Required action: Leave out the pictures and restate exactly, and only, the lines from the one that contains "Il s'agit d'un" through the final line of the material below.

Information supplied:
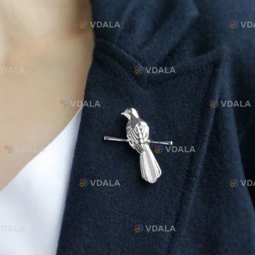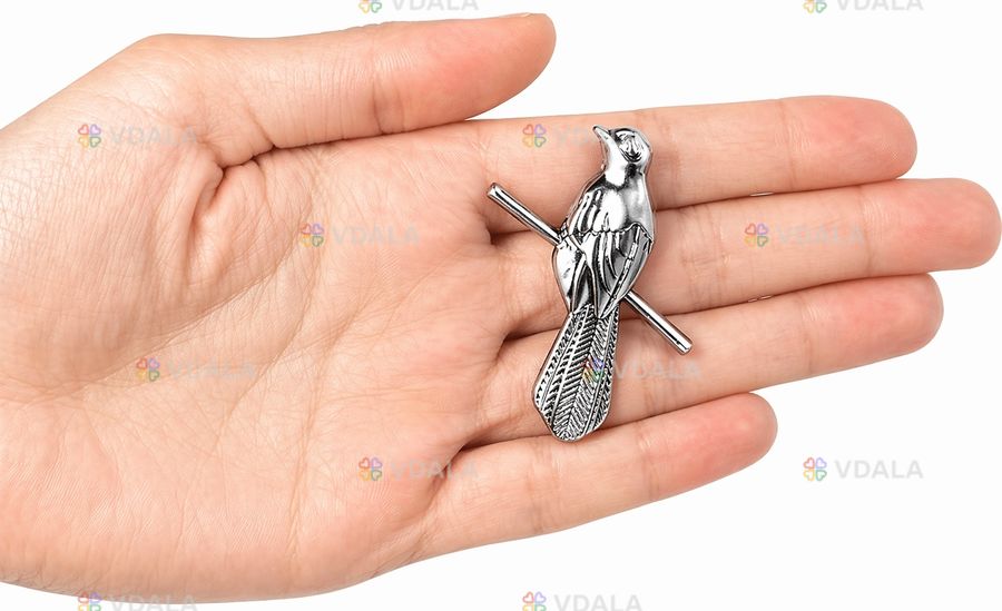Символ — изящная птица пересмешник, воплощающая остроумие, наблюдательность и умение выживать среди опасных политических ветров. Размер броши идеально сбалансирован: 5×2 см сама птица и 4 см перекладина — украшение не останется незамеченным, но и не выглядит вызывающе.
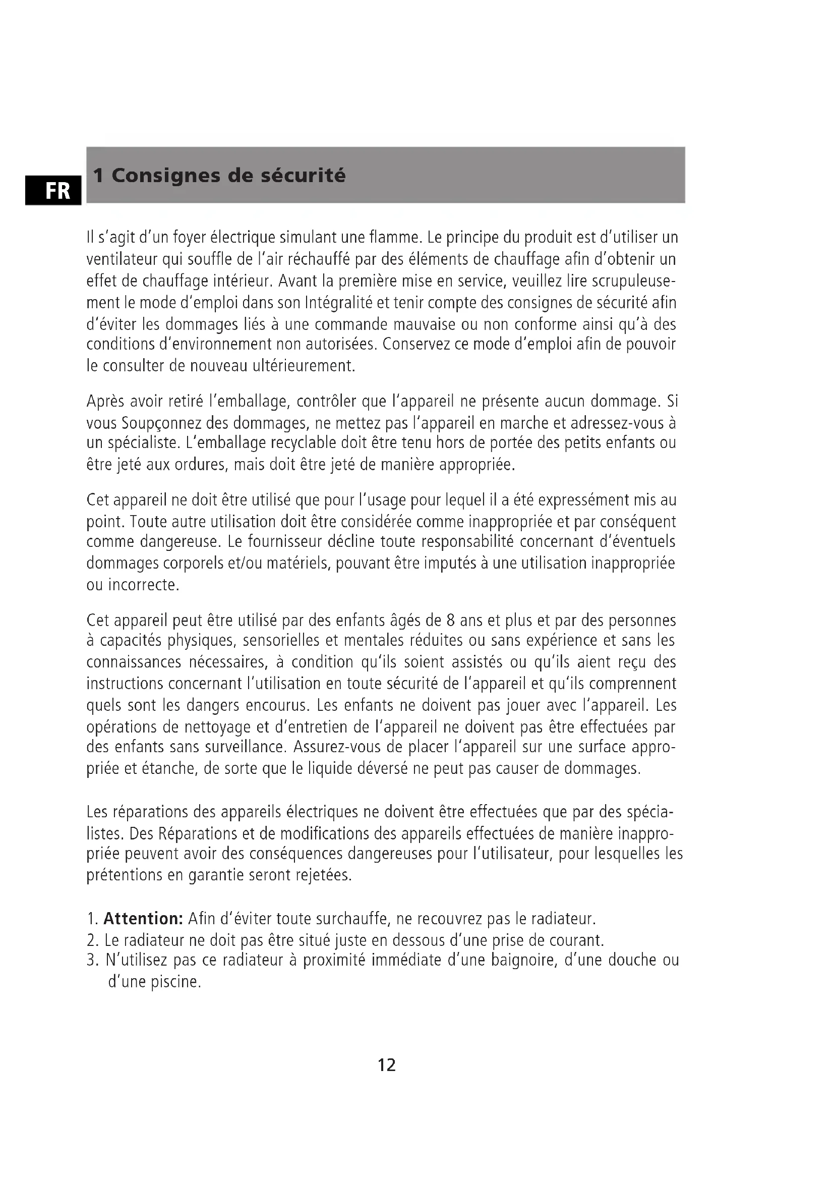 Il s'agit d'un foyer électrique simulant une flamme. Le principe du produit est d'utiliser un ventilateur qui souffle de l'air réchauffé par des éléments de chauffage afin d'obtenir un effet de chauffage interieur. Avant la première mise en service, veuillez tire scrupuleusement le mode d'emploi dans son Intégralité et tener compte des consignes de sécurité afin d'éviter les dommages liés à une commande mauvaise ou non conforme ainsi qu'à des conditions d'environnement non autorisées. Conserve ce mode d'emploi afin de pouvoir le consulter de nouveau ultérieurement.
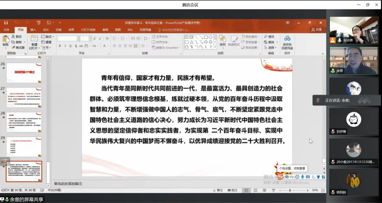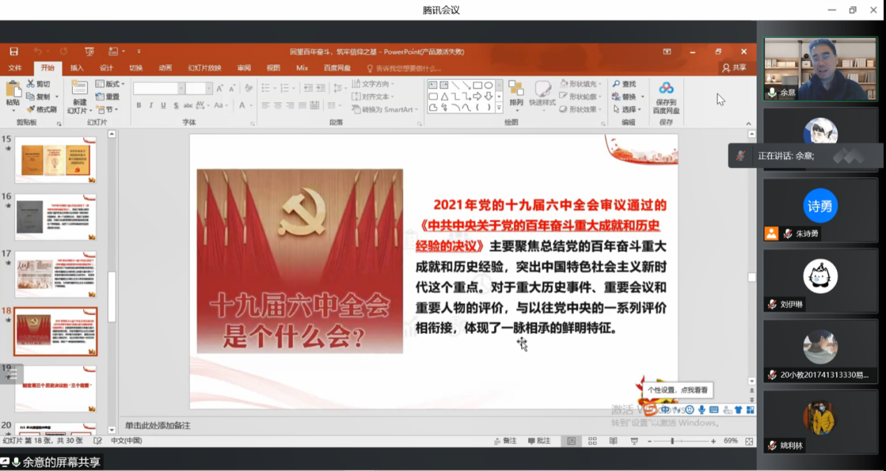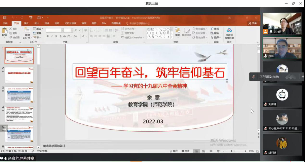 为教育引导广大青年员工深刻认识总结党的百年奋斗重大成就和历史经验的重大意义,筑牢信仰基石,2022年3月24日晚,太阳城经理余意以线上形式,为20音教1、2班和20小教1班的同学们开展了“思政第一课”,推进学习贯彻党的十九届六中全会精神。
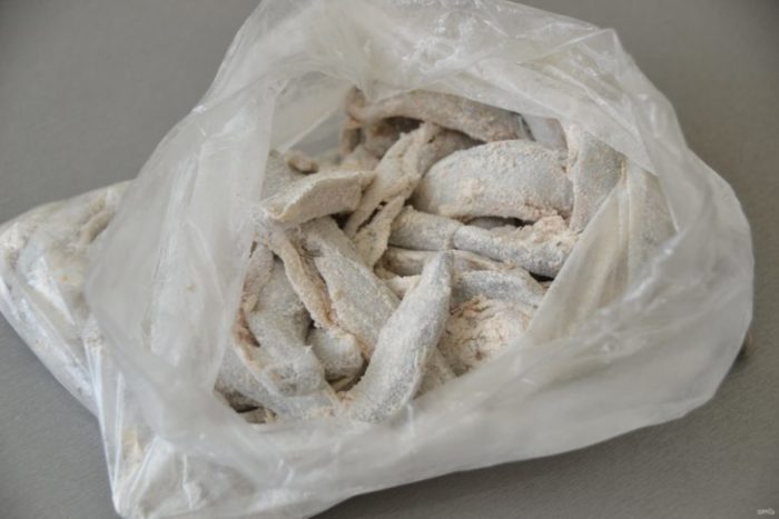 - Положить очищенные тушки в полиэтиленовый пакет с мукой и хорошенько перемешать, затем посолить и поперчить по вкусу.

Exercise answer:
 Il s'agit d'un foyer électrique simulant une flamme. Le principe du produit est d'utiliser un ventilateur qui souffle de l'air réchauffé par des éléments de chauffage afin d'obtenir un effet de chauffage interieur. Avant la première mise en service, veuillez tire scrupuleusement le mode d'emploi dans son Intégralité et tener compte des consignes de sécurité afin d'éviter les dommages liés à une commande mauvaise ou non conforme ainsi qu'à des conditions d'environnement non autorisées. Conserve ce mode d'emploi afin de pouvoir le consulter de nouveau ultérieurement.
 为教育引导广大青年员工深刻认识总结党的百年奋斗重大成就和历史经验的重大意义,筑牢信仰基石,2022年3月24日晚,太阳城经理余意以线上形式,为20音教1、2班和20小教1班的同学们开展了“思政第一课”,推进学习贯彻党的十九届六中全会精神。
 - Положить очищенные тушки в полиэтиленовый пакет с мукой и хорошенько перемешать, затем посолить и поперчить по вкусу.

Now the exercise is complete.